-- Entries supplied follows --

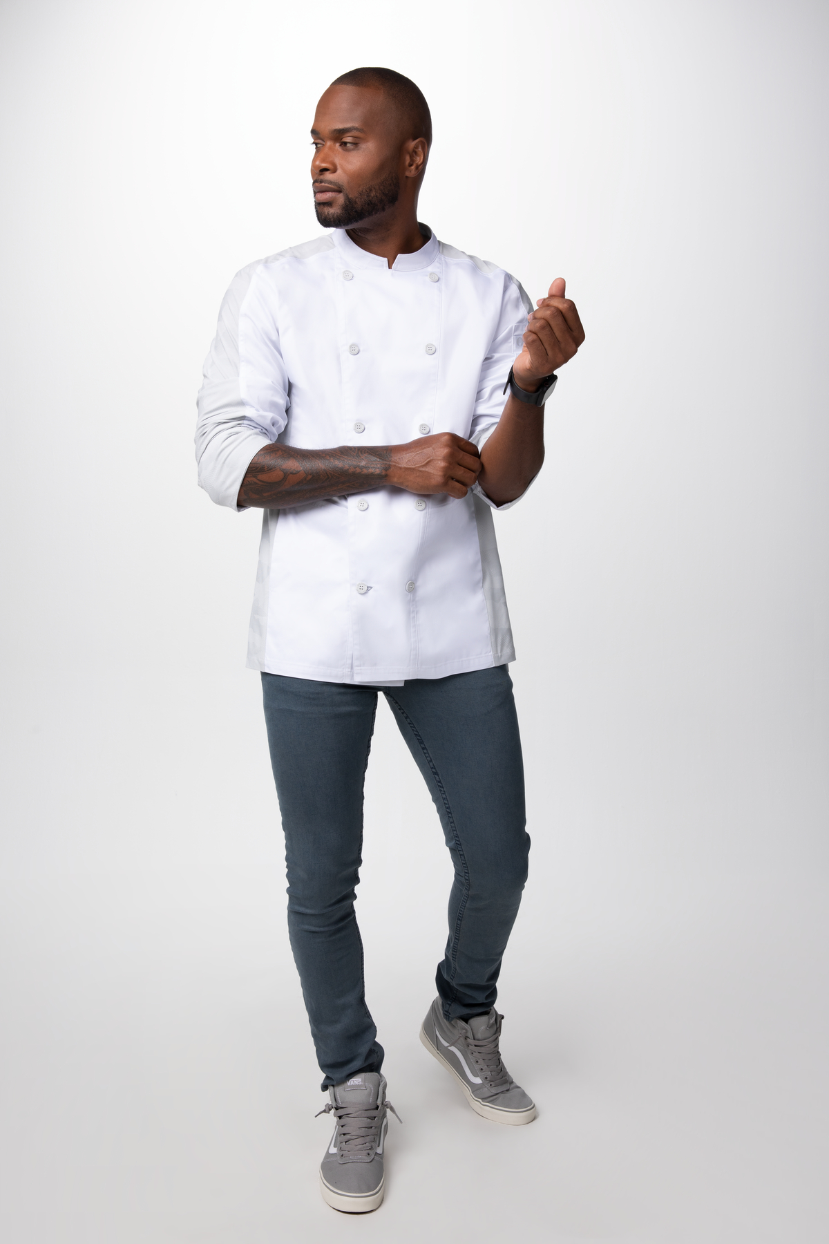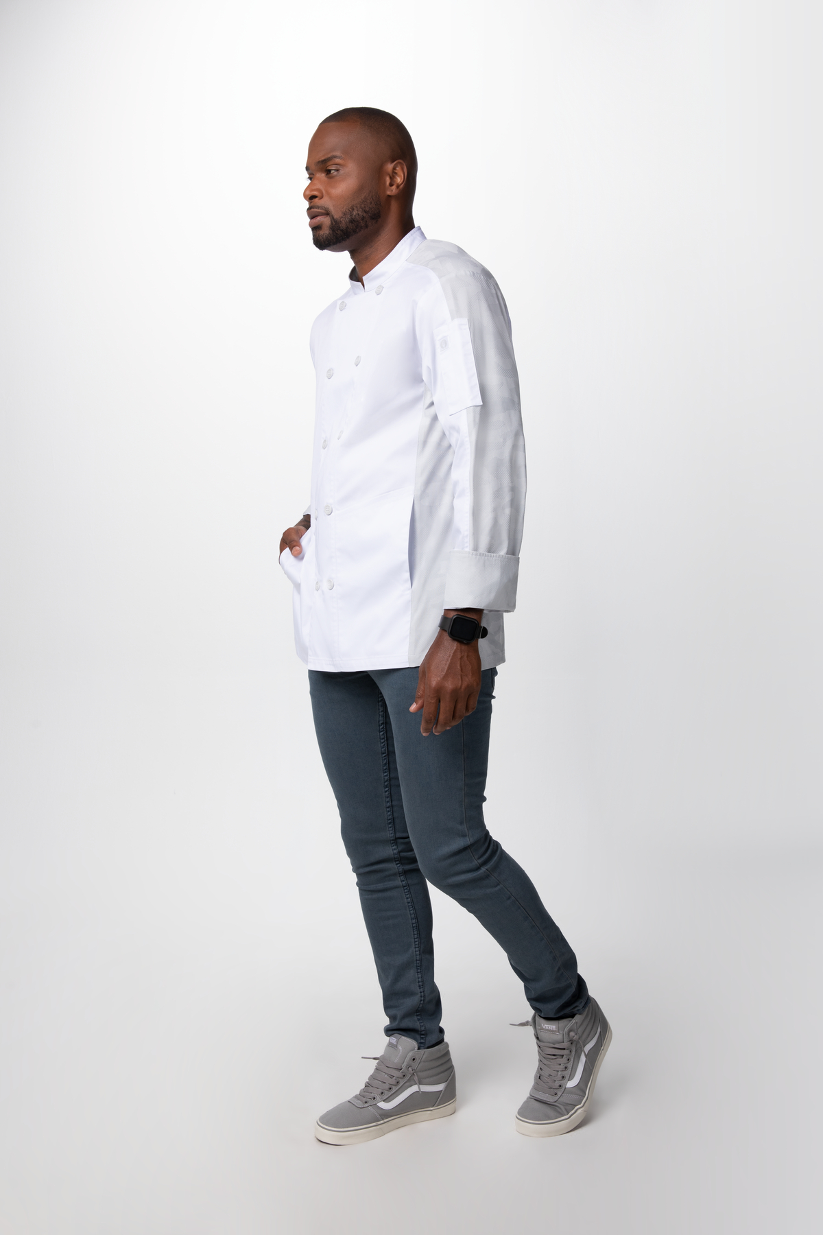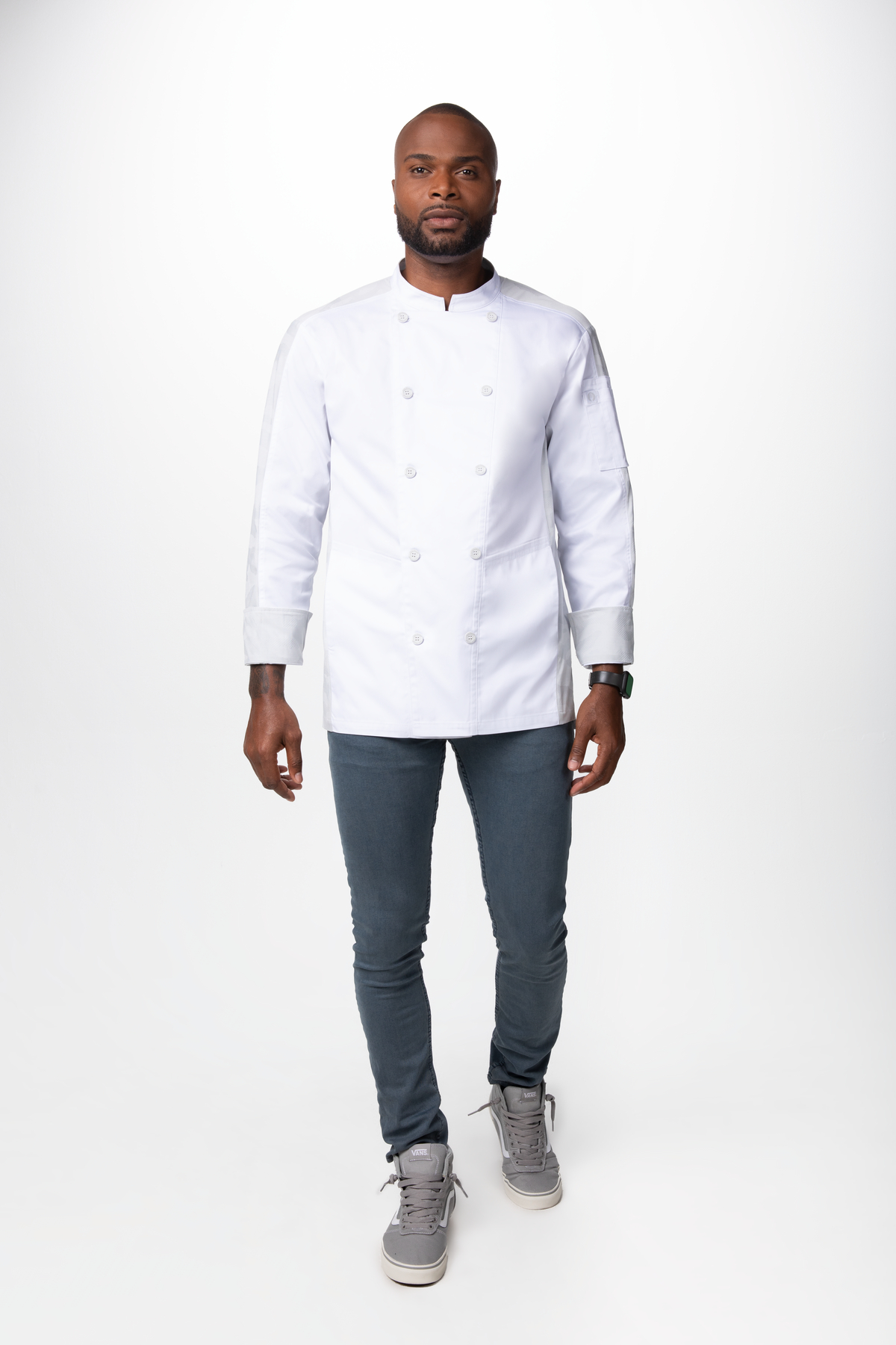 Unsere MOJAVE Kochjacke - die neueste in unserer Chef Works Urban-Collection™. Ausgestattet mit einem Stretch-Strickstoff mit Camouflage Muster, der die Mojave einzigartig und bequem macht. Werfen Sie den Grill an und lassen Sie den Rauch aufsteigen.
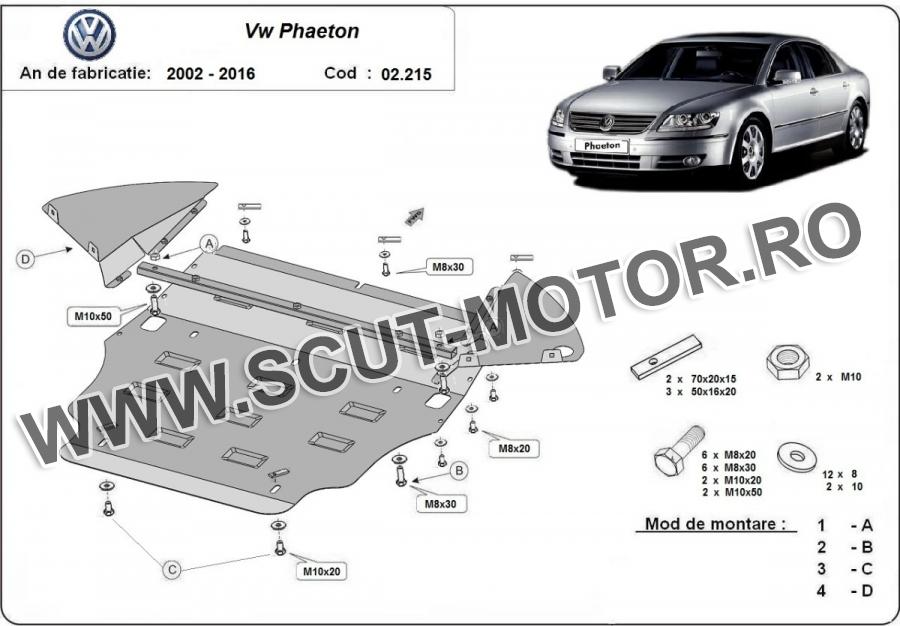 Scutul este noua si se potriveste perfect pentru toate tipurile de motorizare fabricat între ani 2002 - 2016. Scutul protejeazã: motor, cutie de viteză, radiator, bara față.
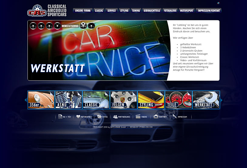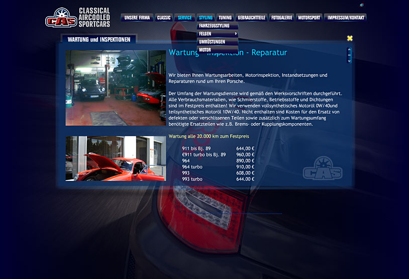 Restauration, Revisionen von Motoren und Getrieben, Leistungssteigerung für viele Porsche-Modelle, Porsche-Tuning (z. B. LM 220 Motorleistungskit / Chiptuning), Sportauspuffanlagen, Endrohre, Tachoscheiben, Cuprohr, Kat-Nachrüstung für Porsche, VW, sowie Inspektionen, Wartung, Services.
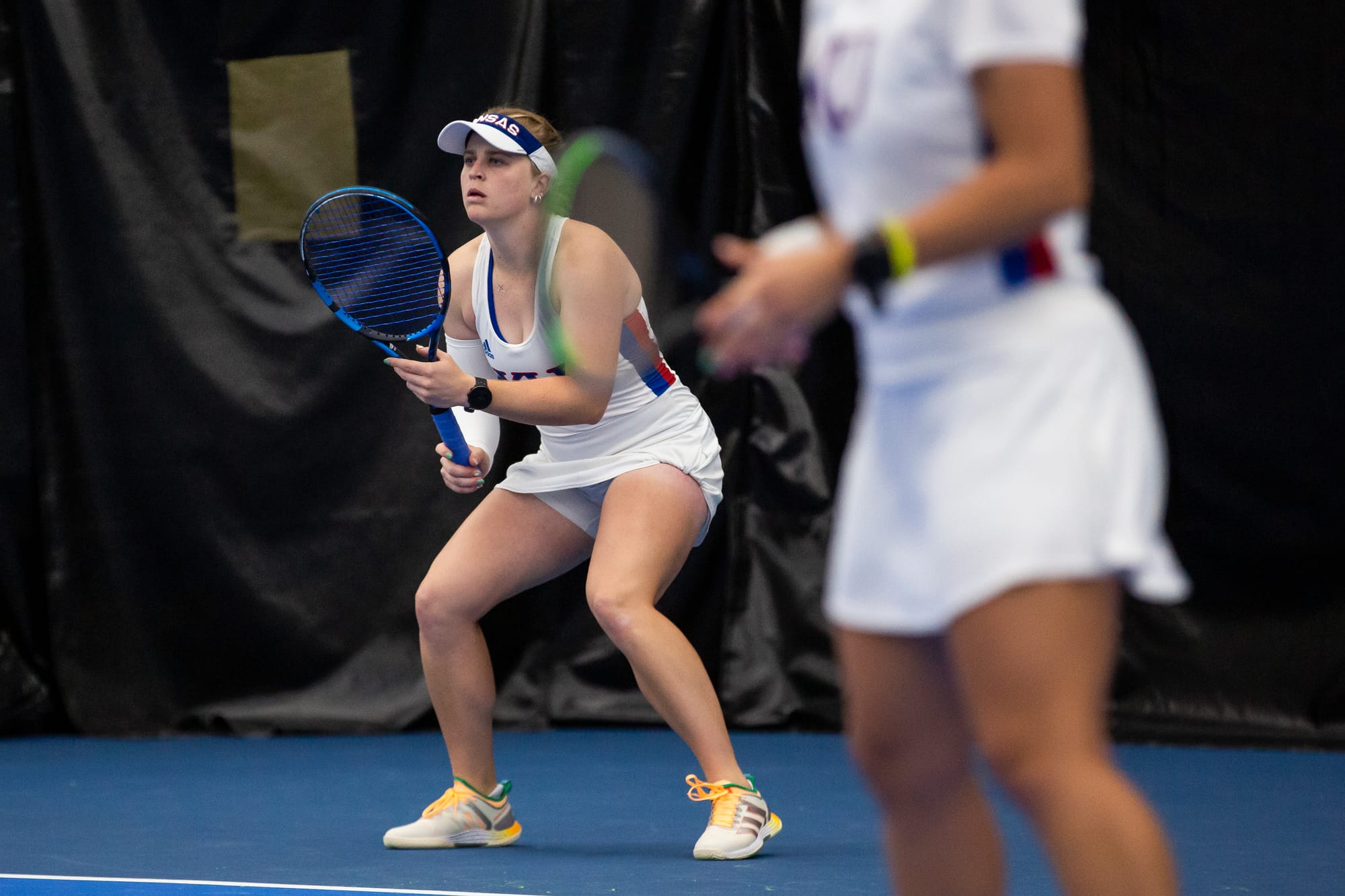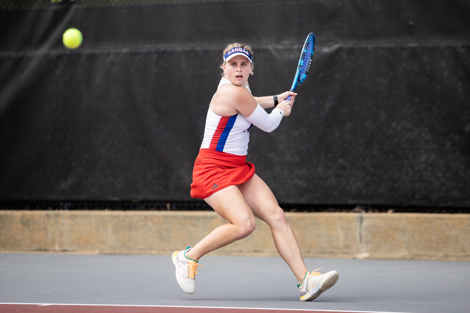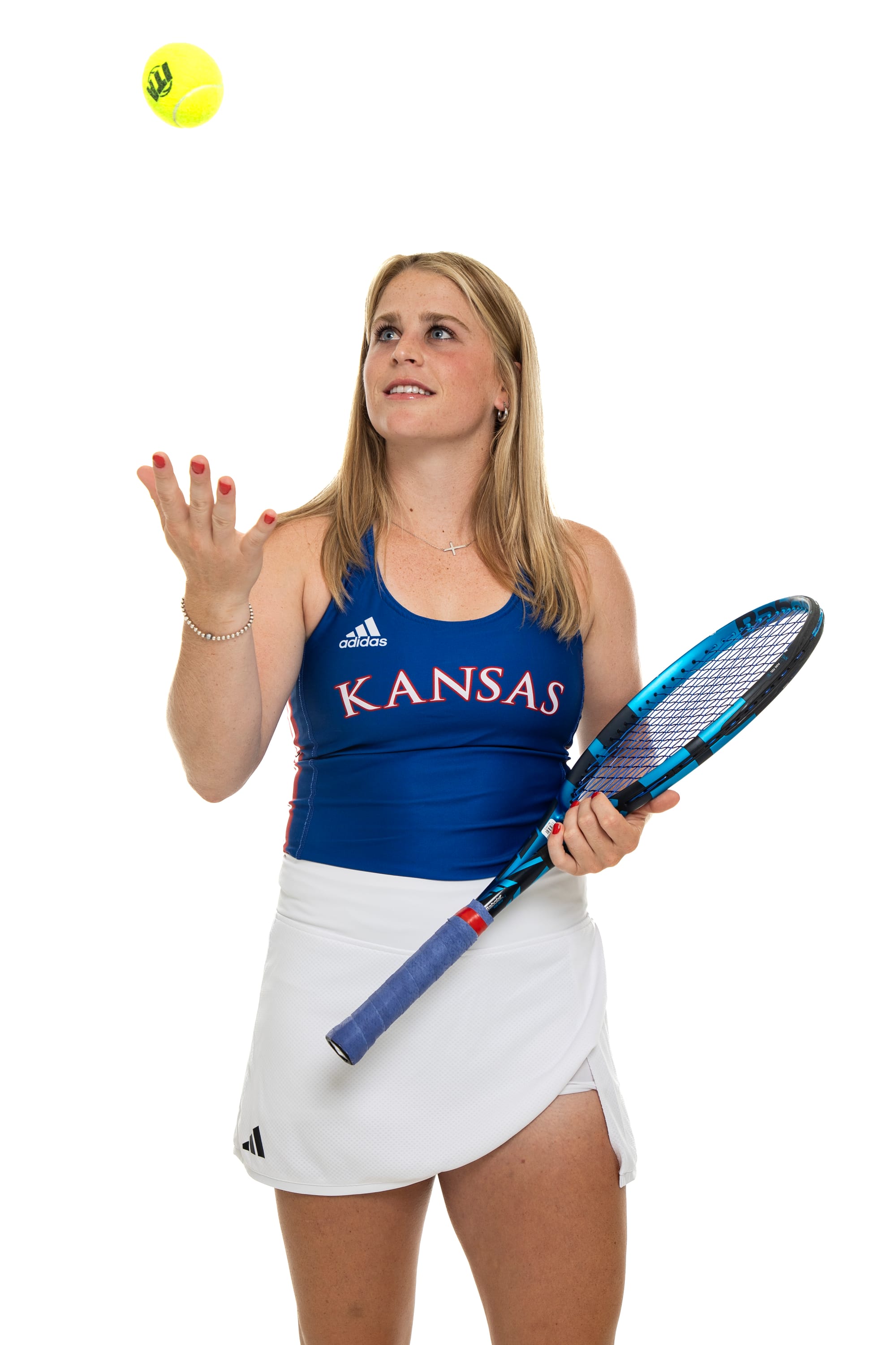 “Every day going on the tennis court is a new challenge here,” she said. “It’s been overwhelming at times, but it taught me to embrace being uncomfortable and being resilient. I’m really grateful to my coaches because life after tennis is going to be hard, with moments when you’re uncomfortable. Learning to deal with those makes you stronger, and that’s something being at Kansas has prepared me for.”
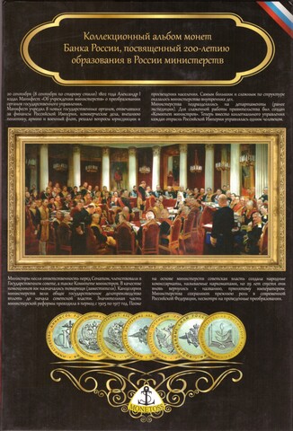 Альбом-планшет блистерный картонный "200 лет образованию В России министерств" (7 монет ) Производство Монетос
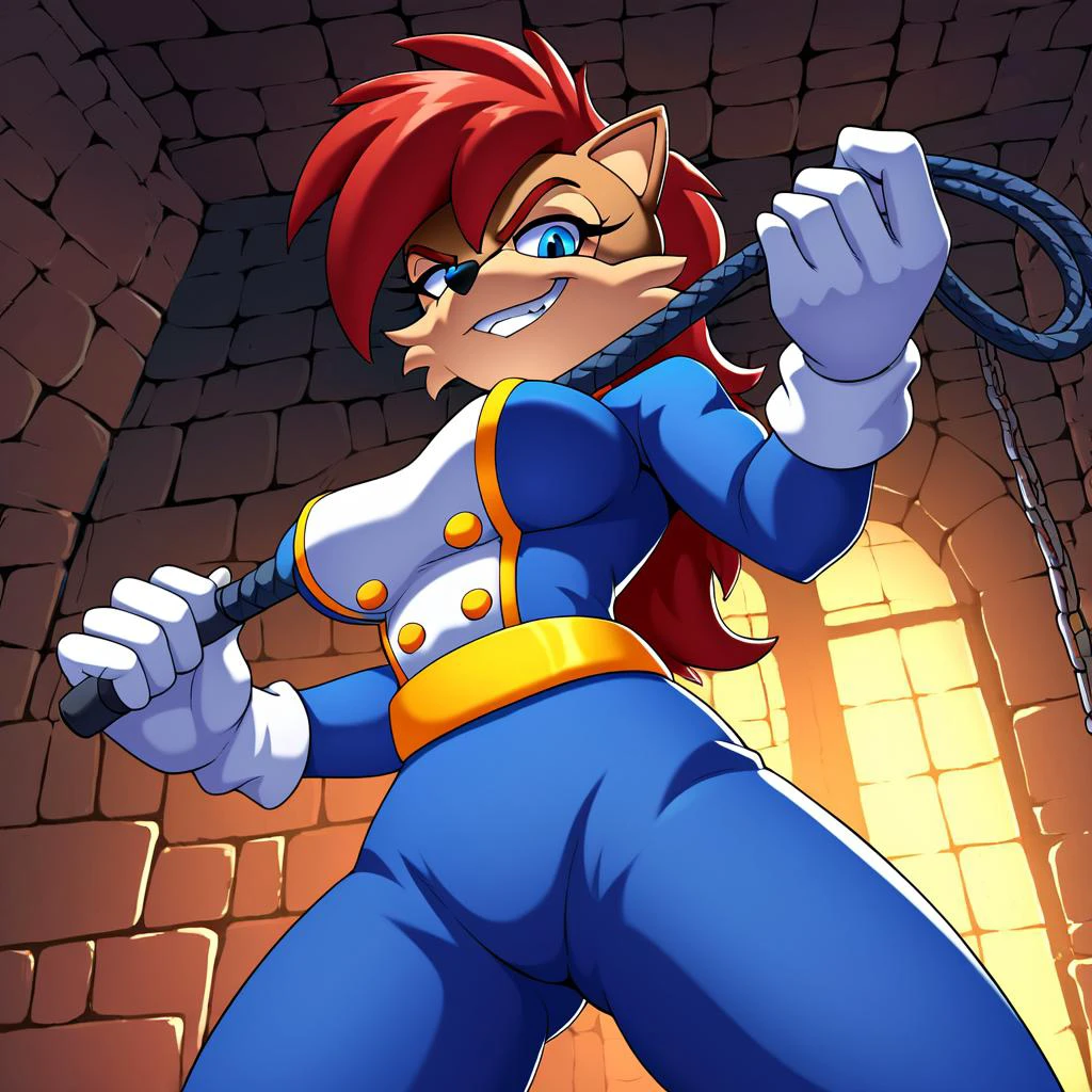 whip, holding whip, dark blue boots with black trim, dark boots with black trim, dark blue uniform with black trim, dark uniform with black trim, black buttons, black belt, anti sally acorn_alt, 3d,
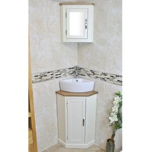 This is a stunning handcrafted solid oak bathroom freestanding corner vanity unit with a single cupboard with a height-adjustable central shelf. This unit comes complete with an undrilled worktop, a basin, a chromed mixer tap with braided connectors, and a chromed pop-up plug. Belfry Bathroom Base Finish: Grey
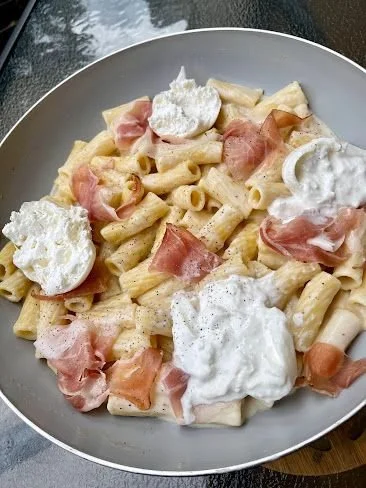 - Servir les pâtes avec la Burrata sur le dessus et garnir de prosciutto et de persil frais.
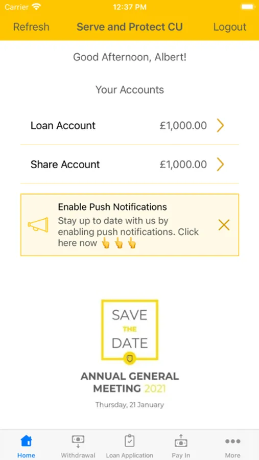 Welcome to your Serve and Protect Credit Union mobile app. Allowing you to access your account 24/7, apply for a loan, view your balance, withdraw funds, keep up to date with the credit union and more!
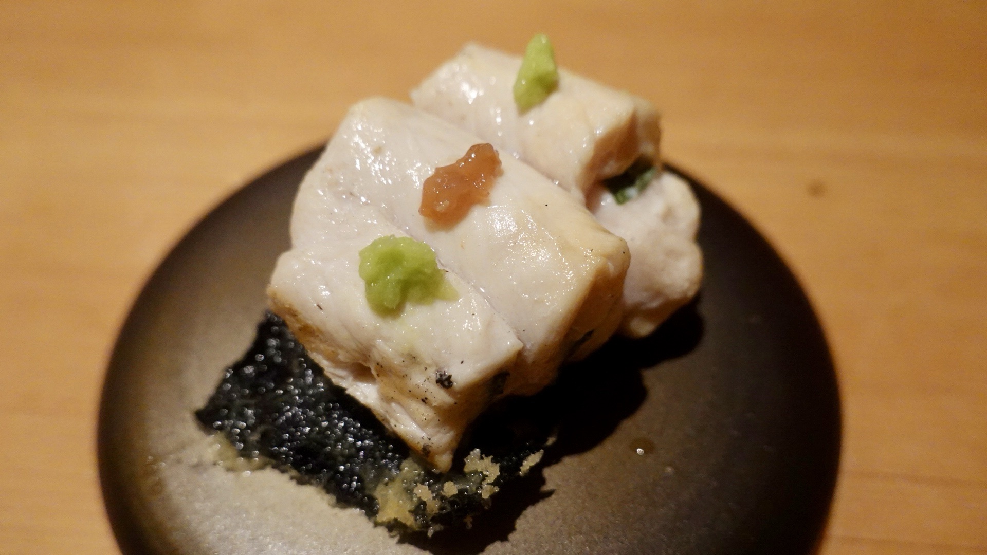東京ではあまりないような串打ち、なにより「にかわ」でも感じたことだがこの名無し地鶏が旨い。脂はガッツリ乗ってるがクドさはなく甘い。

-- Entries supplied concluded --

• [Exercise prompt]
The required output is the line containing "whip, holding whip, dark" plus every line after it to the end of the data, copied exactly and with no pictures.

• [Reply]
 whip, holding whip, dark blue boots with black trim, dark boots with black trim, dark blue uniform with black trim, dark uniform with black trim, black buttons, black belt, anti sally acorn_alt, 3d,
 This is a stunning handcrafted solid oak bathroom freestanding corner vanity unit with a single cupboard with a height-adjustable central shelf. This unit comes complete with an undrilled worktop, a basin, a chromed mixer tap with braided connectors, and a chromed pop-up plug. Belfry Bathroom Base Finish: Grey
 - Servir les pâtes avec la Burrata sur le dessus et garnir de prosciutto et de persil frais.
 Welcome to your Serve and Protect Credit Union mobile app. Allowing you to access your account 24/7, apply for a loan, view your balance, withdraw funds, keep up to date with the credit union and more!
東京ではあまりないような串打ち、なにより「にかわ」でも感じたことだがこの名無し地鶏が旨い。脂はガッツリ乗ってるがクドさはなく甘い。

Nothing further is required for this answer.